EVA: PRACTICAL SECOND-ORDER OPTIMIZATION WITH KRONECKER-VECTORIZED APPROXIMATION

Abstract

Second-order optimization algorithms exhibit excellent convergence properties for training deep learning models, but often incur significant computation and memory overheads. This can result in lower training efficiency than the first-order counterparts such as stochastic gradient descent (SGD). In this work, we present a memory-and time-efficient second-order algorithm named Eva with two novel techniques: 1) we construct the second-order information with the Kronecker factorization of small stochastic vectors over a mini-batch of training data to reduce memory consumption, and 2) we derive an efficient update formula without explicitly computing the inverse of matrices using the Sherman-Morrison formula. We further provide a theoretical interpretation of Eva from a trust-region optimization point of view to understand how it works.
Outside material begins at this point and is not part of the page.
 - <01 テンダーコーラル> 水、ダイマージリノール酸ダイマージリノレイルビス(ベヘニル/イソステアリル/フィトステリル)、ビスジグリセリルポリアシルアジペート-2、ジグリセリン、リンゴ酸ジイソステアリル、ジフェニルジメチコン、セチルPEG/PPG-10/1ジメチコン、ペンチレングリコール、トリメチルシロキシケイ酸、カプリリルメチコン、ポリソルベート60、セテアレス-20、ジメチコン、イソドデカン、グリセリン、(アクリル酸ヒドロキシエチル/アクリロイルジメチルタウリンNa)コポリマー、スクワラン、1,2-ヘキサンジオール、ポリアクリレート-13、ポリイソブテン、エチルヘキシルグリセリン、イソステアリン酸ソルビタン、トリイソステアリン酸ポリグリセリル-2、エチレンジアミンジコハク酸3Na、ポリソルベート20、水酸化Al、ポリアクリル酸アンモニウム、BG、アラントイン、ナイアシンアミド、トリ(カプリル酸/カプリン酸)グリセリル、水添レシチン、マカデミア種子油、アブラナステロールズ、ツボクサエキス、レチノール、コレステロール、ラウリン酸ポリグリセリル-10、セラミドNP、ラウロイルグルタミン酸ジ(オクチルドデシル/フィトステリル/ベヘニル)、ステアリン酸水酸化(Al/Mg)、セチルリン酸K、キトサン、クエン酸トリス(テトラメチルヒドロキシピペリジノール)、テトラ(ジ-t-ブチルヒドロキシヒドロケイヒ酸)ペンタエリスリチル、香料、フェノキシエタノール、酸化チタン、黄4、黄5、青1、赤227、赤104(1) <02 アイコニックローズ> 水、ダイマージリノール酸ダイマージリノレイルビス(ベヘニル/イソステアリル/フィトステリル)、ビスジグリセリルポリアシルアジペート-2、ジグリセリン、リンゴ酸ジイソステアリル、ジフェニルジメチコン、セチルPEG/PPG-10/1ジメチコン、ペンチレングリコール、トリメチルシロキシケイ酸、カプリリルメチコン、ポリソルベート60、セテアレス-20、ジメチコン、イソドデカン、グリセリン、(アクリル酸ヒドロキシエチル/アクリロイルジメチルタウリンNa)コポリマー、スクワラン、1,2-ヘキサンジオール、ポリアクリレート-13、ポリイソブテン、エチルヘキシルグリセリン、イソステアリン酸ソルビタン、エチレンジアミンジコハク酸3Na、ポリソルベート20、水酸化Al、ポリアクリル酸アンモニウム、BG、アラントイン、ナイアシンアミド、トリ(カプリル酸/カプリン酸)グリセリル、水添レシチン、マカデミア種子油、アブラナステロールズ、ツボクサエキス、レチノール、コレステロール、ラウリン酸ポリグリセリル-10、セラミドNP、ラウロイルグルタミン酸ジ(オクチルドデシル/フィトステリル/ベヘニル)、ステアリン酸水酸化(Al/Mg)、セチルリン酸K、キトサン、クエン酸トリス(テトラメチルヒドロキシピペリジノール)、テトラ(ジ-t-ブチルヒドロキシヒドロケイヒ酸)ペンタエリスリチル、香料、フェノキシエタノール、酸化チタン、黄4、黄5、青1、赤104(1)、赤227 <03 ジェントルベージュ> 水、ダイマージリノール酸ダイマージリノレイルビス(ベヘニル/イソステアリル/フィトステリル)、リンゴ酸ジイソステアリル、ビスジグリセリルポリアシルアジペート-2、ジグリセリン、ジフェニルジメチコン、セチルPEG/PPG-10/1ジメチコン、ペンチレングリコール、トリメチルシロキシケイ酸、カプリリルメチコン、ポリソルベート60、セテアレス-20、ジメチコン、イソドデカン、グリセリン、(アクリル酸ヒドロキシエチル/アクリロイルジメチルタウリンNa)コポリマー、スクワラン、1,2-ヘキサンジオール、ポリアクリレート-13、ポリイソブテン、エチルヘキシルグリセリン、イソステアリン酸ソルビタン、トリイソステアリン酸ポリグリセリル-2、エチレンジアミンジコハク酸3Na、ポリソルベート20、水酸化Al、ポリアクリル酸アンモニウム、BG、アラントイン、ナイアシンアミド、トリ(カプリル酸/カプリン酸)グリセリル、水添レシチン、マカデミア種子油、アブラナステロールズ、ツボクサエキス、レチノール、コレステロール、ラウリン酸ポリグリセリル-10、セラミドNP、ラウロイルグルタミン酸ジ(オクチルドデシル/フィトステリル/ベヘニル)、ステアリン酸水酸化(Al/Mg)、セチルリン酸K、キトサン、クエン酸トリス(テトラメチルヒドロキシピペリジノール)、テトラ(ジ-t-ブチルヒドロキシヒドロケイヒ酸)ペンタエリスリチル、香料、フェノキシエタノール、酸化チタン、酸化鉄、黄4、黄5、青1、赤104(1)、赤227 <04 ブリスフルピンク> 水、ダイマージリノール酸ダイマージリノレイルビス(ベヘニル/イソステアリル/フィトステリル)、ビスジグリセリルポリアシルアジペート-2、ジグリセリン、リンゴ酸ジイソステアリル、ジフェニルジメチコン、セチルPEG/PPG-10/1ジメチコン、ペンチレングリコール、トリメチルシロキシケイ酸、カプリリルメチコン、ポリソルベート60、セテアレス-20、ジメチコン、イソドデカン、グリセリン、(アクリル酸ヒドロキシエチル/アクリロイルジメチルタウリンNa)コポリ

Extensive experimental results on different models and datasets show that Eva reduces the end-to-end training time up to 2.05× and 2.42× compared to first-order SGD and second-order algorithms (K-FAC and Shampoo), respectively.

1. INTRODUCTION

While first-order optimizers such as stochastic gradient descent (SGD) (Bottou et al., 1998) and Adam (Kingma & Ba, 2015) have been widely used in training deep learning models (Krizhevsky et al., 2012; He et al., 2016; Devlin et al., 2019) , these methods require a large number of iterations to converge by exploiting only the first-order gradient to update the model parameter (Bottou et al., 2018) . To overcome such inefficiency, second-order optimizers have been considered with the potential to accelerate the training process with a much fewer number of iterations to converge (Osawa et al., 2019; 2020; Pauloski et al., 2020; 2021) . For example, our experimental results illustrate that second-order optimizers, e.g., K-FAC (Martens & Grosse, 2015) , require ∼50% fewer iterations to reach the target top-1 validation accuracy of 93.5% than SGD, in training a ResNet-110 (He et al., 2016) model on the Cifar-10 dataset (Krizhevsky, 2009) (more results are shown in Table 2 ). The fast convergence property of second-order algorithms benefits from preconditioning the gradient with the inverse of a matrix C of curvature information. Different second-order optimizers construct C by approximating different second-order information, e.g., Hessian, Gauss-Newton, and Fisher information (Amari, 1998), to help improve the convergence rate (Dennis & Schnabel, 1983) . However, classical second-order optimizers incur significant computation and memory overheads in training deep neural networks (DNNs), which typically have a large number of model parameters, as they require a quadratic memory complexity to store C, and a cubic time complexity to invert C, w.r.t. the number of model parameters. For example, a ResNet-50 (He et al., 2016) model with 25.6M parameters has to store more than 650T elements in C using full Hessian, which is not affordable on current devices, e.g., an Nvidia A100 GPU has 80GB memory. To make second-order optimizers practical in deep learning, approximation techniques have been proposed to estimate C with smaller matrices. For example, the K-FAC algorithm (Martens & Grosse, 2015) uses the Kronecker factorization of two smaller matrices to approximate the Fisher information matrix (FIM) in each DNN layer, thus, K-FAC only needs to store and invert these small matrices, namely Kronecker factors (KFs), to reduce the computing and memory overheads.